As one of those that helped to get signatures on the petition, spending several Saturdays in King Street and not a few lunch hours, I feel disappointed that all the effort of a number of dedicated individuals ends up being the subject of an unseemly public squabble.

Such conduct plays straight into the hands of reactionary forces. It gives the impression to the public that those seriously campaigning for social justice behave in a similar fashion. A serious political organisation would have sufficient discipline to prevent this happening. Were there democratic participation by a membership it would likewise not occur.

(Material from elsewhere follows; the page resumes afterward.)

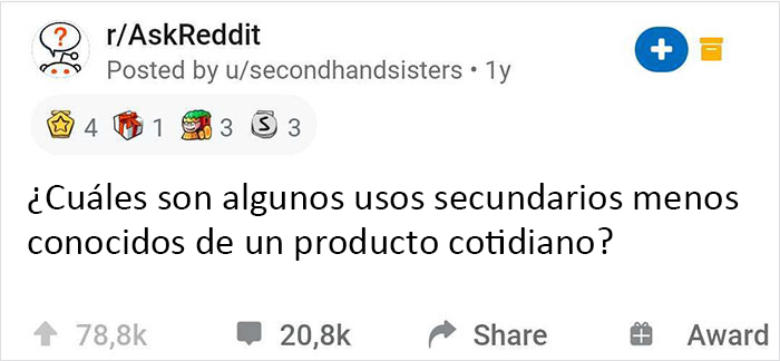 Pero todos estos productos pueden usarse con distintas intenciones. Una persona cuyo apodo es secondhandsisters probablemente tuvo ese pensamiento y acudió a Reddit para preguntar a la gente "¿Cuáles son algunos usos secundarios menos conocidos de un producto cotidiano?" Y eso creó un gran y muy útil hilo con gente compartiendo muchísimos productos que no tienen por qué usarse sólo para lo que fueron pensados inicialmente.

Loyalties will be questioned as they should.

Anonymous said...

School milk, what it does, it pays our farmers to keep our Jersey cows in the fields, it gives our future, our young children a healthy drink, money worth spent as far as I am concerned, money to pay Bill Ogley or any civil servant for that matter is not money going back into the Island and not supporting our local business! so for saving school milk we do 3 things 1) pay a local business 2) keep our Jersey cows 3) give young children a healthy drink, its really very simple! the £138,00 goes back into the local economy, three positive things! not negative, positive!

Anonymous said...

School milk, what it does, it pays our farmers to keep our Jersey cows in the fields, it gives our future, our young children a healthy drink, money worth spent as far as I am concerned, money to pay Bill Ogley or any civil servant for that matter is not money going back into the Island and not supporting our local business! so for saving school milk we do 3 things 1) pay a local business 2) keep our Jersey cows 3) give young children a healthy drink, its really very simple! the £138,00 goes back into the local economy, three positive things! not negative, positive!

TonyTheProf said...

Part of the problem with the left / centre-left in Jersey are the incessant tiffs, which remind me of when the Labour party was so riven with internal conflict in the 1980s that the Conservatives had an easy ride.

Ugh, It's Him! said...

I might have little or no internet access for a few days from this afternoon. Your comments remain welcome, but please be patient if I am unable to moderate them temporarily.